## Provided material
::::::::
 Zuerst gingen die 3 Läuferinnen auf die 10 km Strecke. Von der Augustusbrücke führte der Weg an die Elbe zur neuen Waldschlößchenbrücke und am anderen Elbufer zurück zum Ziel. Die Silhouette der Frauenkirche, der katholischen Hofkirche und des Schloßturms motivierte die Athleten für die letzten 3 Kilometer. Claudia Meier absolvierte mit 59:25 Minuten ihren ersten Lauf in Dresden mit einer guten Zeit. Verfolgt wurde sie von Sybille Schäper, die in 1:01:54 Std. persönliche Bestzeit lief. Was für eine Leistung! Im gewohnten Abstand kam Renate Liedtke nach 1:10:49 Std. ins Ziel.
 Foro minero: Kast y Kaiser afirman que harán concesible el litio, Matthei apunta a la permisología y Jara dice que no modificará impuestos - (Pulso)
::::::::
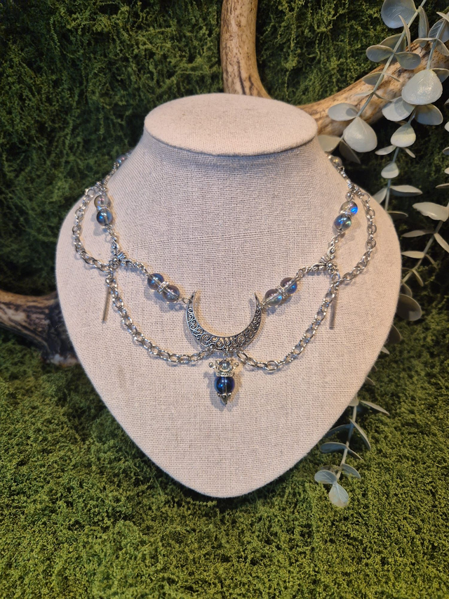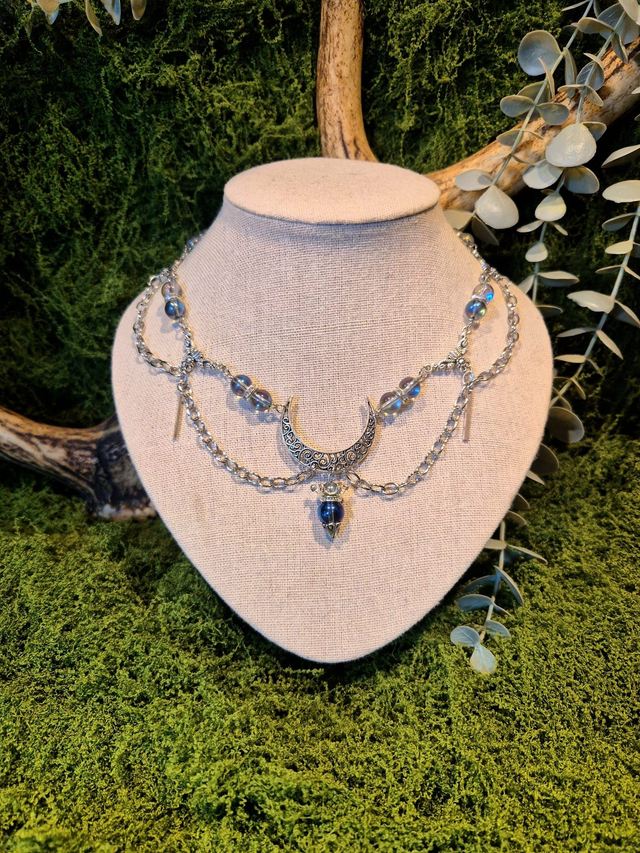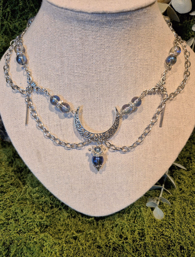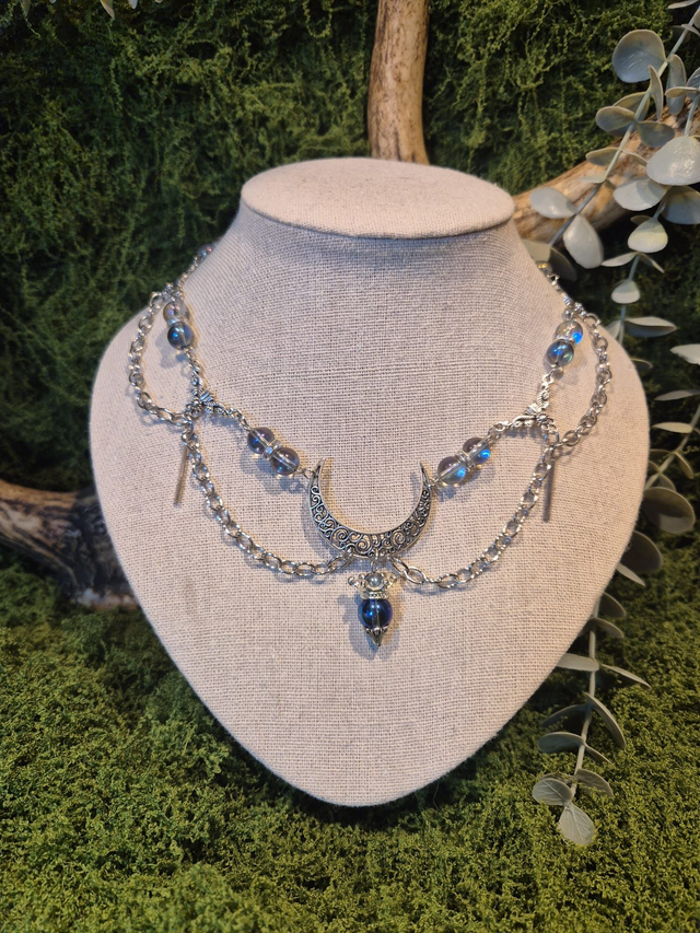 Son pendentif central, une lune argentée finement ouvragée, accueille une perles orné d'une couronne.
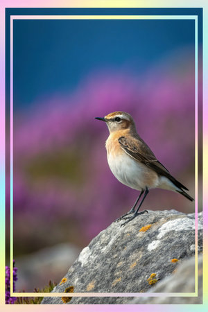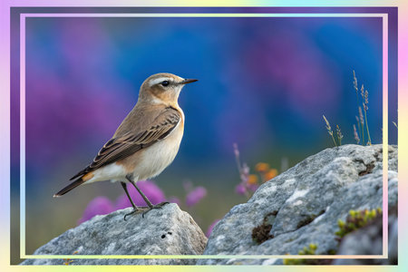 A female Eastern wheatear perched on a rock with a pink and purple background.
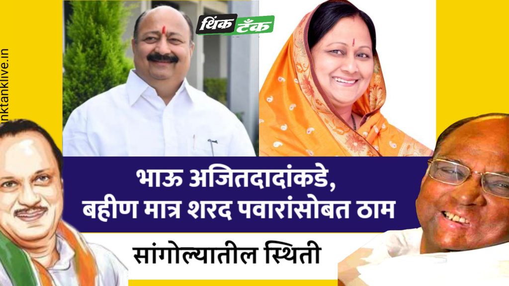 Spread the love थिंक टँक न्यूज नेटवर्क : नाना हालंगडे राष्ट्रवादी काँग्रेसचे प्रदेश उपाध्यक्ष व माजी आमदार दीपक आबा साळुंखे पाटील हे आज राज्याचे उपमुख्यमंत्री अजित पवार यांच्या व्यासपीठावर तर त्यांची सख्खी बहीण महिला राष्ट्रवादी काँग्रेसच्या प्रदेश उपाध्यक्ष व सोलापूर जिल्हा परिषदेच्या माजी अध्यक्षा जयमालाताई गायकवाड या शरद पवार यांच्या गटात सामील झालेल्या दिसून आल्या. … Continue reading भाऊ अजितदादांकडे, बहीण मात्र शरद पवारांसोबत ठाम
::::::::
## Instructions to follow
Above are some entries; copy exactly the lines from the line with "Son pendentif central, une" through the line with "Spread the love", both included, but none of the pictures.

## Response to the task
 Son pendentif central, une lune argentée finement ouvragée, accueille une perles orné d'une couronne.
 A female Eastern wheatear perched on a rock with a pink and purple background.
 Spread the love थिंक टँक न्यूज नेटवर्क : नाना हालंगडे राष्ट्रवादी काँग्रेसचे प्रदेश उपाध्यक्ष व माजी आमदार दीपक आबा साळुंखे पाटील हे आज राज्याचे उपमुख्यमंत्री अजित पवार यांच्या व्यासपीठावर तर त्यांची सख्खी बहीण महिला राष्ट्रवादी काँग्रेसच्या प्रदेश उपाध्यक्ष व सोलापूर जिल्हा परिषदेच्या माजी अध्यक्षा जयमालाताई गायकवाड या शरद पवार यांच्या गटात सामील झालेल्या दिसून आल्या. … Continue reading भाऊ अजितदादांकडे, बहीण मात्र शरद पवारांसोबत ठाम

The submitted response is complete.